Banks seeking to increase efficiency and reduce risk related to their correspondent banking know-your-customer (KYC) compliance activities now have a new resource at their fingertips. SWIFT this week announced the official availability of the KYC Registry, a community-driven financial crime compliance initiative that more than 20 global and regional banks have joined.

The KYC Registry provides a simple, secure way to exchange a standardized set of information for correspondent banking due diligence. Banks contribute an agreed ‘baseline’ set of data and documentation for validation by SWIFT, which the contributors can then share with their counterparties. Each bank retains ownership of its own information, as well as control over which other institutions can view it.

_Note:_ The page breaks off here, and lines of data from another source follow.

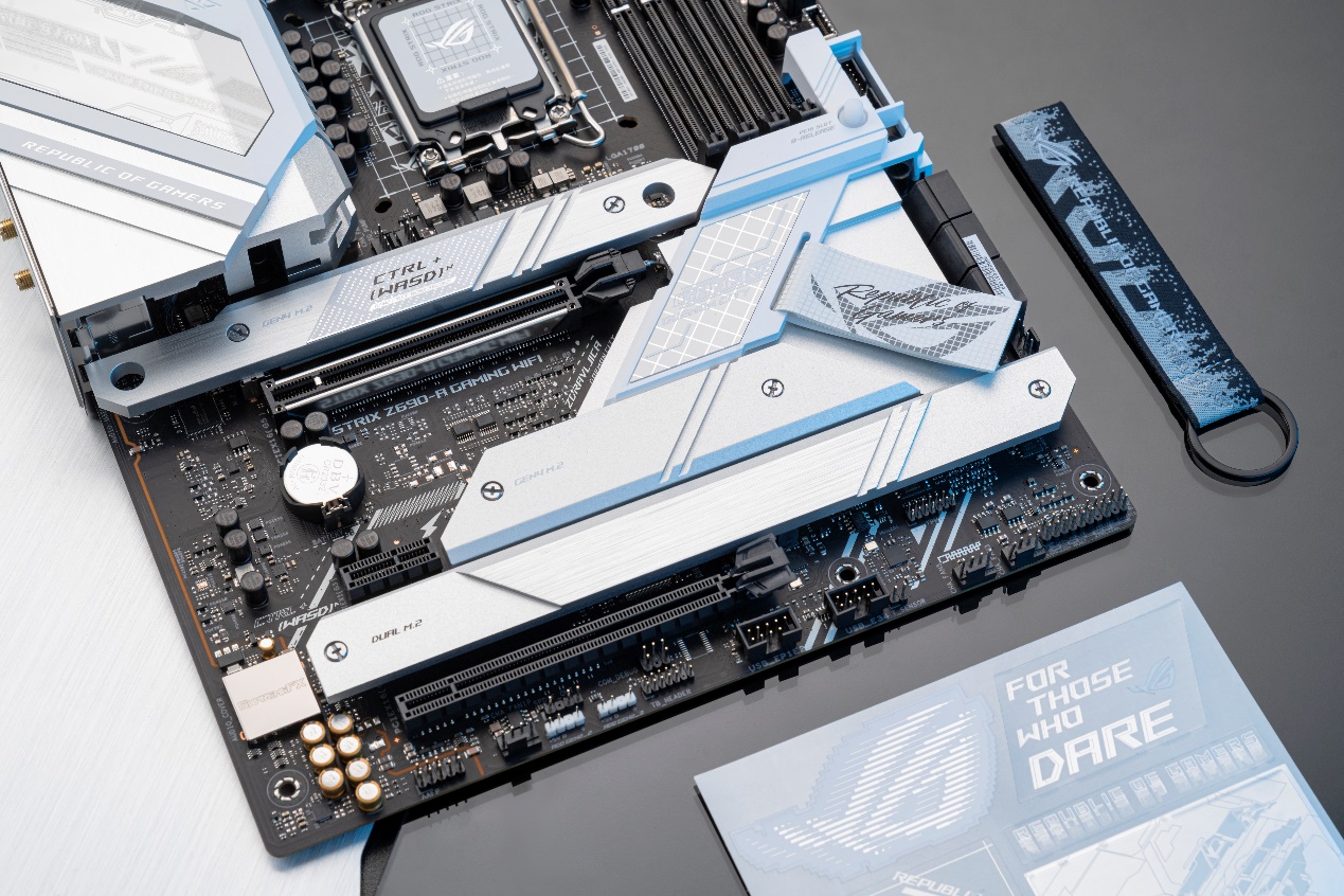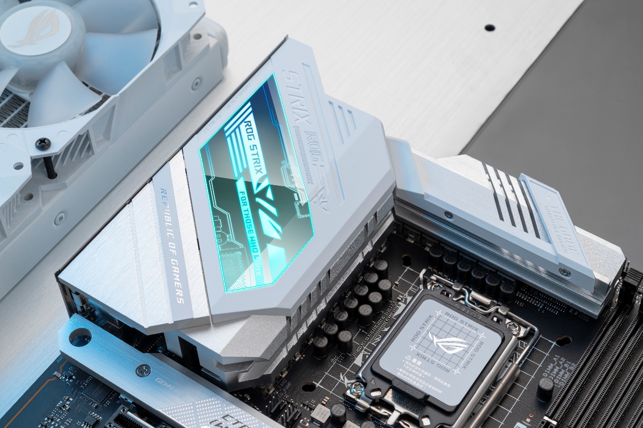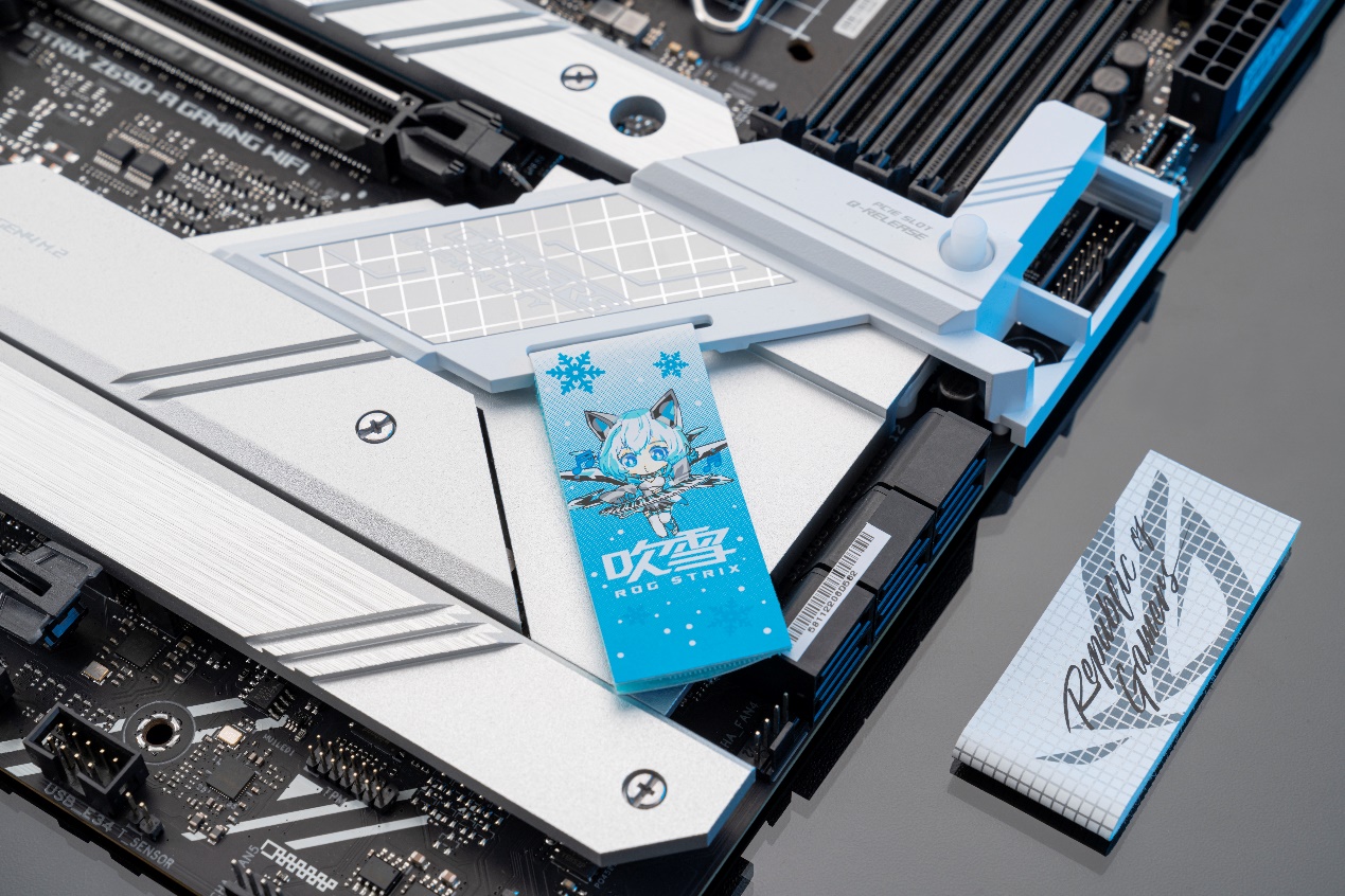 ROG吹雪系列主板以高颜值著称,ROG STRIX Z690-A GAMING WIFI 吹雪主板则为玩家们带来了全新的战甲设计,在保留之前银白战甲的家族化特色时,还加入了新的白色覆盖件,整块主板的机甲感更强,信仰感拉满。主板散热装甲的鳍片造型也进一步和雪武战姬形态进行了统一,代入感更强,散热效果更好。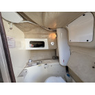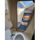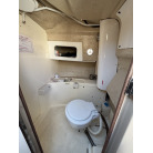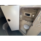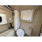 操船コンソール左舷側の茶色の扉からアクセスできる、独立した個室トイレスペースです。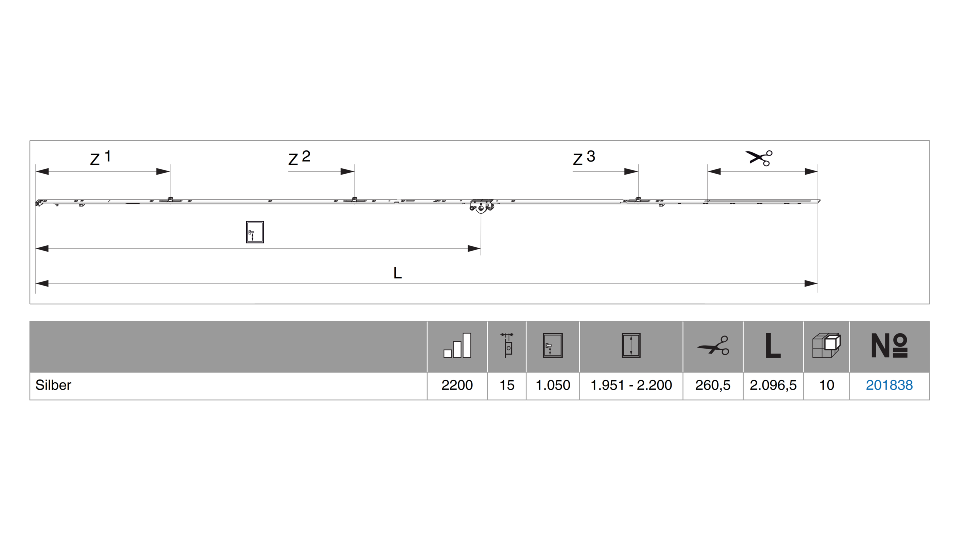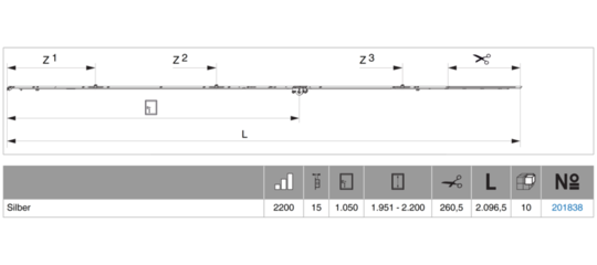 DREH-GETRIEBE MM 2200 DM15 FIX MIT 3 I.S. FFH 1.951-2.200 GM1.050 SILBER MACO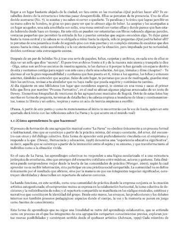 jerárquica de enseñanza, sino que emergen del encuentro cotidiano entre músicos, actores y gestores. Esta diná-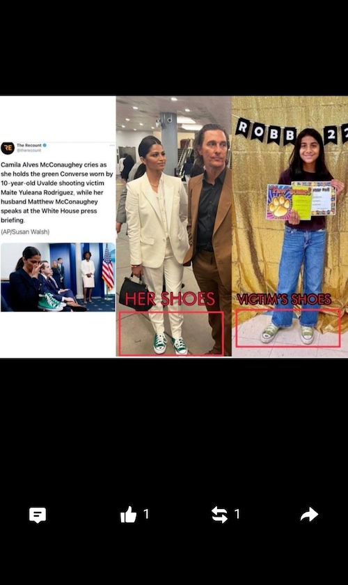 Is there more to this story? The picture of Maite may not be a picture of her on the day she was shot? Some people own more than one pair of shoes. Maybe she got new shoes? If Maite’s family is receiving public assistance for being a recent “immigrant”, than they are doing WAAAYYY better than I am and I own a lot of shoes. Is Camila wearing green Converse sneakers to honor Maite?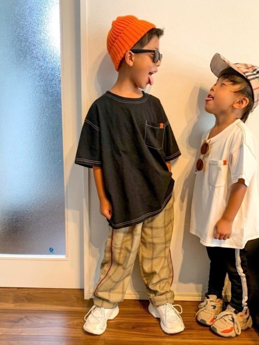 いいね、📁、フォローありがとうございます❤︎ ピックアップタグ👉#オレンジ🍊 何年前から被ってんねんっていうぐらい重宝してる、 オレンジニット帽と、 universal overallのオレンジタグ🏷 オレンジタグにステッチとかもう最高に大好きである🧡 WEARのお洒落っ子たちはみんな秋服やけど、 我が家は俄然夏服で気持ち秋意識👦🏿👦🏿w 見て頂きありがとうございます🐊 兄:身長 120cmぐらい。 弟:身長 102cm。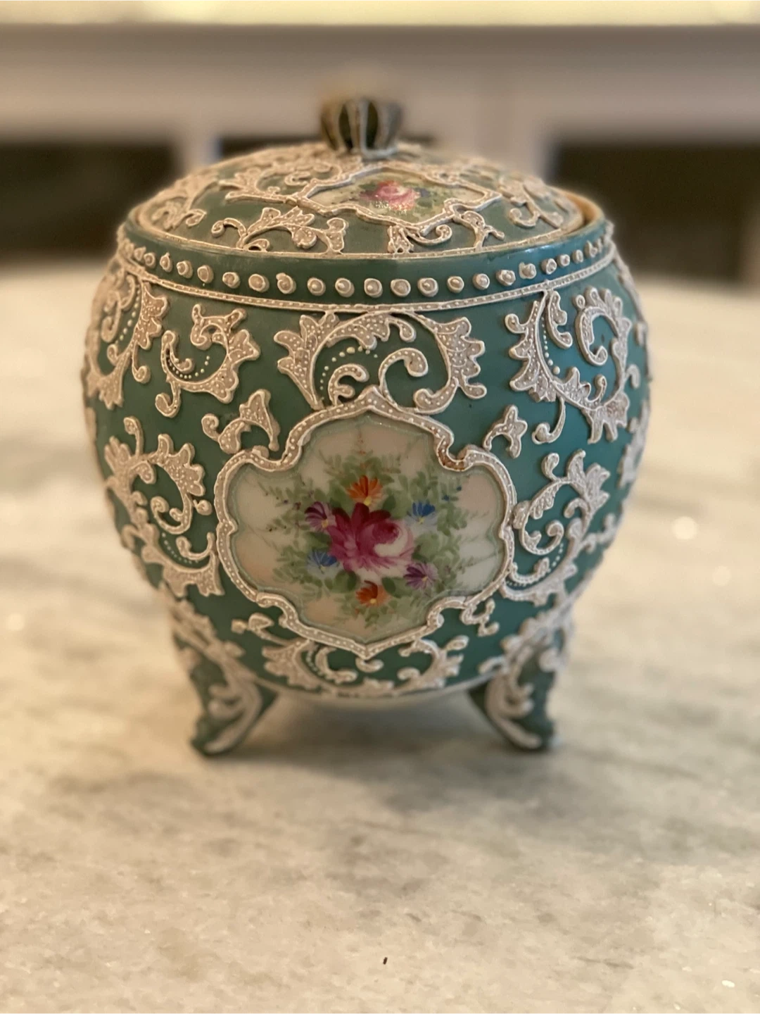Selling a lovely vintage decorative vessel with intricate floral designs.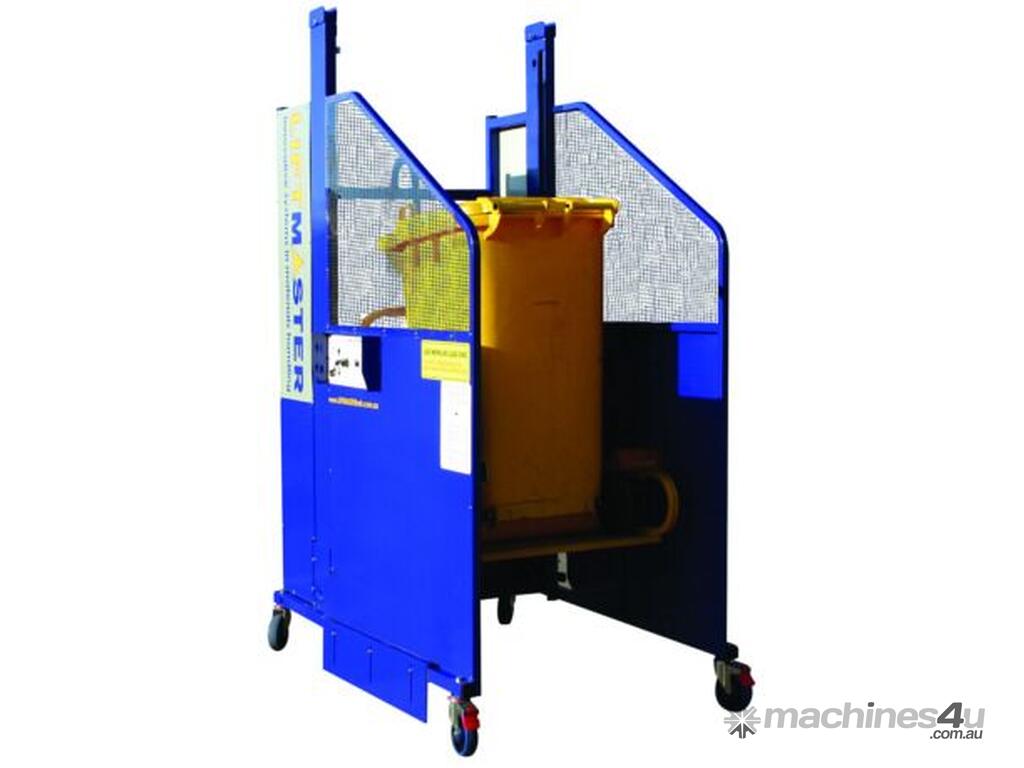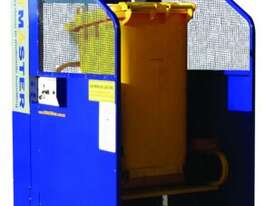 The machine operates by pressing a button, making it easy to use and reducing the effort required to lift and tip the bin.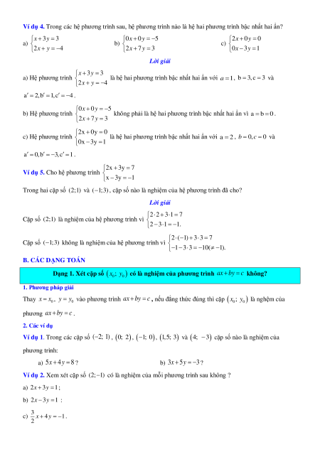 Cặp số (1;3) không là nghiệm của hệ phương trình vì 1 33 1 0( 1 ). B. CÁC DẠNG TOÁN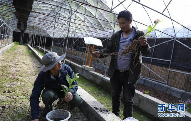 6月12日,在四川黃龍管理局花卉培育基地,林業(yè)高級工程師周聽鴻(左)準(zhǔn)備移栽人工保育的杓蘭。新華社記者江宏景攝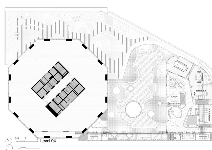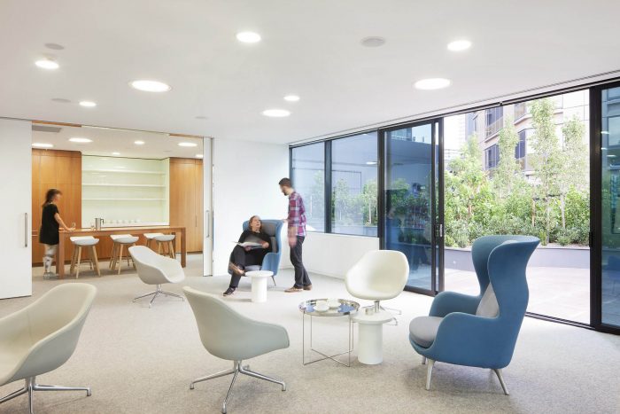 Drawing the outside in, light wells encourage natural light to penetrate the deep floor plates. Referencing the park, an internal garden atrium helps to connect the reception area with social breakout spaces. An external rooftop terrace can be accessed directly from the workspace floor and client meeting suite.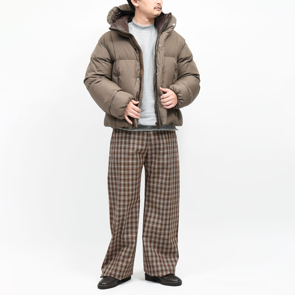 『デザインとボリューム、バランスの取り方が秀逸です。』 じわじわと日本でもその知名度を上げているBacon(ベーコン)、balconeでも引き続きプッシュしております。大きめのブロックキルトの配置が特徴的なM OAK’S ポリエステルフーデッドダウンジャケット。スタイルはストリートですが、生地や縫製のクオリティは一級品ということで大人の男性の着用にも耐えうるクオリティが備えられています。 ボリュームはあるんですが決して「着られている感」が出ないのが素晴らしいところ。身幅しっかりとありますが、着丈はコンパクトになっているので全体のバランスは綺麗に纏まっています。 (画像のスタッフは172cm、61kgでMサイズを着用しています。) STAFF Voice 年々、季節の間で体調を崩すようになってきました。若い頃の感覚のまま薄着で出かけるというのはやめた方が良い、ということを身に沁みて実感しております、、、。 暖冬傾向ではありますが、結局のところダウンジャケットは必要ですよね、、、となってまして第一候補にこちらのM OAK’Sがあがっているわけです。ロゴは控えめ、シルエットはオーバーながらも纏まりを感じさせる秀逸さ、生地のタッチも上質なので持っていると確実に「着る」アイテムなんですよね。 スタッフ 泉 結構モコモコとした特徴的なシルエットなんですが、それが思った以上に着膨れ感を感じないといいますか、モダンに整えられているなという印象。昨今のオーバーサイズトレンドで目が慣れたということもあるかもしれませんが、それでもこのシルエットの完成度は素晴らしいと思います。 ダウンなので暖かいのは間違いなし。冬でもインナーは心地良い薄手のニットなど、レイヤードアイテムを少なくするのがお好きな方には是非おすすめのモデルですね。 スタッフ 西出 コーディネートサンプル アウター:Bacon スウェット:AMBELL パンツ:MARNI 靴:LEMAIRE アウター:Bacon シャツ:HUSBANDS パンツ:BERNARD ZINS 靴:Maison Margiela コーディネートサンプルをもっと見る ※別窓でひらきます サイズ 着丈 肩幅 袖丈 胸囲 ウエスト S 64 52 61 108 108 M 65 53 63 114 114 ※単位はcmです。 詳しいサイズはコチラ 商品番号 14052400182 展開レーベル balcone モデル M OAK’S 販売価格 ¥127,000 + tax シーズン 秋 / 冬 素材 表地:ポリエステル100% 裏地:ナイロン100% 中綿:ダウン80% フェザー20% 生産国 ジョージア 付属品 無し 【修理希望のお客様へ】 修理希望のお客様はコチラのページより、 希望の修理方法を一緒にカートに入れてご注文ください。 ※修理が必要な場合のみご注文ください。ご注文が無ければ未修理にて発送致します。 ブランド Bacon/ベーコン Bacon(ベーコン)はメゾンブランドのデザインチームにいたロベルト・ロノーチェが2008年に立ち上げたアウターウェアブランドになります。 立体的で独特なパターンのアイテムは、イタリア本国での取り扱いはもとより、世界中のセレクトショップでも展開されている注目のブランドです。 このブランドの商品をもっとみる Bacon(ベーコン)M OAK’S ポリエステルフーデッドダウンジャケット BACPIGIA592 14052400182 商品番号 14052400182 139,700円(税込) [1,270ポイント進呈 ] color\size S M グレージュ △ △ ネイビー △ △ ブラック △ △:残りわずかです ×:申し訳ございません。ただいま在庫がございません。 数量 Tweet FaceBookでシェア ■店頭受取について ※モニターにより、色の見え方が実際の商品と異なることがございます。 ※商品は実在店舗での販売もしておりますのでタイムラグにより在庫数のずれが 生じる場合がございます。在庫ありの表示でも品切れの場合がございますので、 あらかじめご了承頂きますようお願いいたします。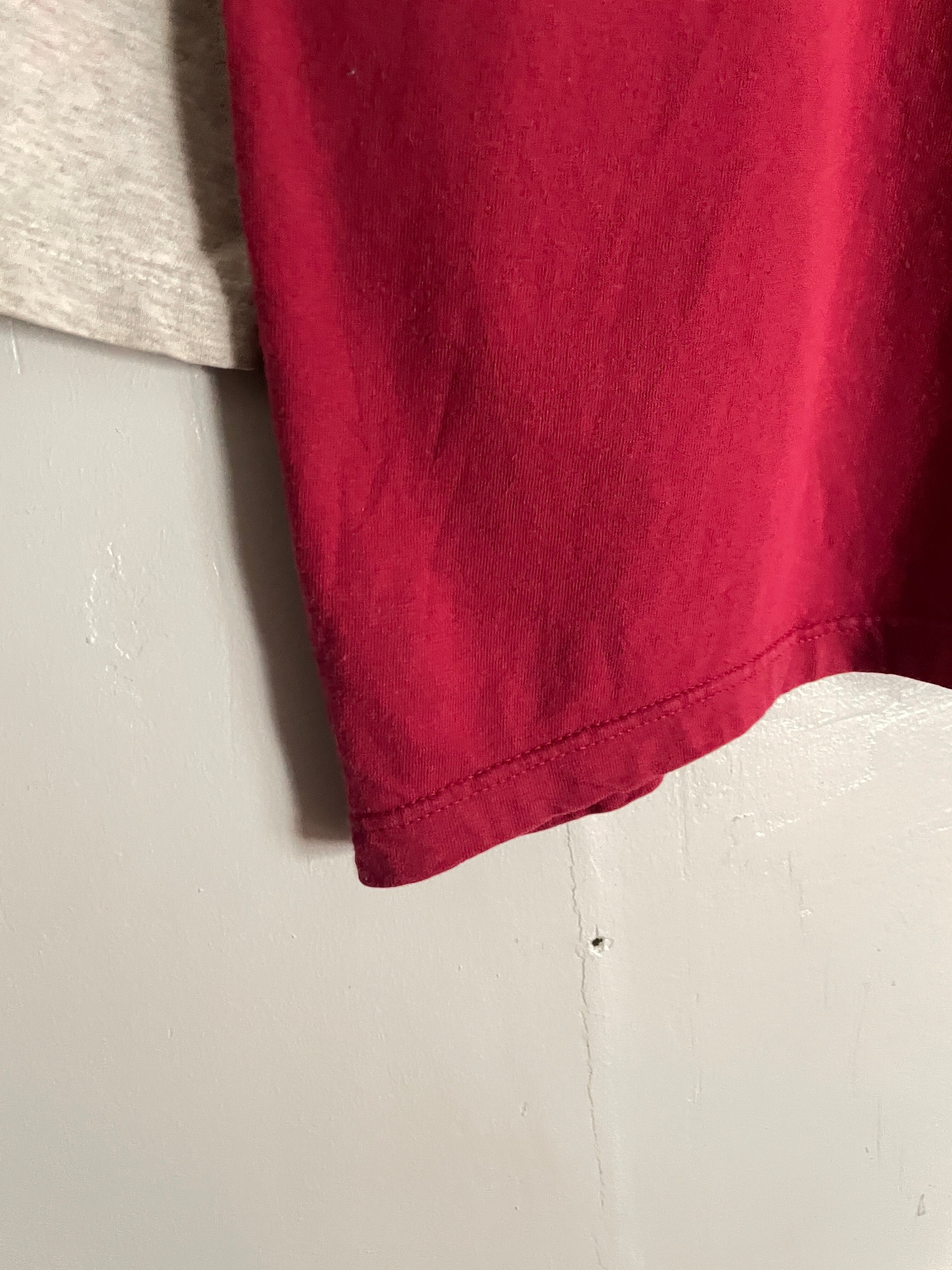 レイヤードしているようなデザインで、アームが太めな7部丈Tシャツ。ストリートな雰囲気の感じられる一着です。フロントには凹凸のある配色に良いプリントが施されています。やや褪せたレッドボディもグッドです。ゆったりとした肩が落ちるようなシルエットになっています。USA製なのもポイントが高いです。こういった変わり種のTシャツも面白いかと思います。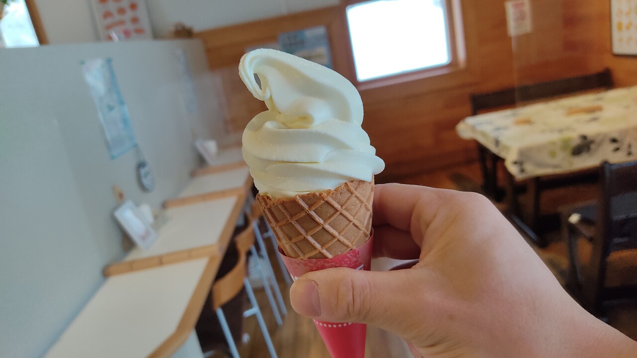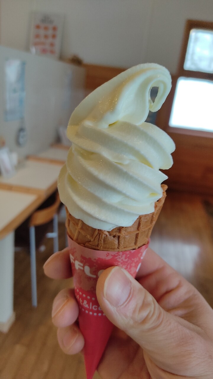 あすなろパン工房さんに来たら ソフトクリームもキメなければなりません。何故なら 150円税込とお安いからです、しかもワッフルコーン。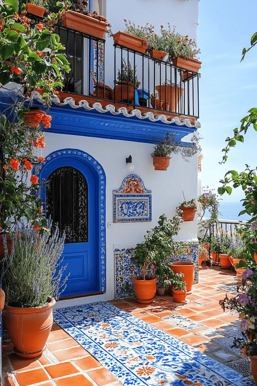 Mediterranean inspiration adds warmth and personality to even the smallest balcony. These sun-kissed small apartment balcony ideas rely on terracotta tones, soft blues, and textured finishes. Decorative tiles and iron details bring old-world charm. Climbing plants create shade and movement. The atmosphere feels breezy and joyful.

The KYC Registry from SWIFT will "enable us to receive and share KYC information simply and securely, eliminating costly and redundant document exchanges,” Francesco Rescigno, head of operational risk, compliance and AML for ICCREA Banca, said.

The KYC Registry is operated by SWIFT, an industry-owned cooperative, as a neutral information provider. Banks are not charged for data contribution, or for using the Registry to share their KYC information with other banks. To maximize the Registry’s benefits, SWIFT will make data consumption free in 2015 for banks that contribute their own KYC information to the Registry and promote it to their correspondents.

SWIFT is also introducing the SWIFT Profile, a new report that provides a global overview of a banking institution’s correspondent banking activities, also designed to increase KYC transparency and addresses know-your-customer’s-customer (KYCC) requirements. The SWIFT Profile is the first in a series of value-added KYC and customer due diligence services that SWIFT will offer in connection with The KYC Registry.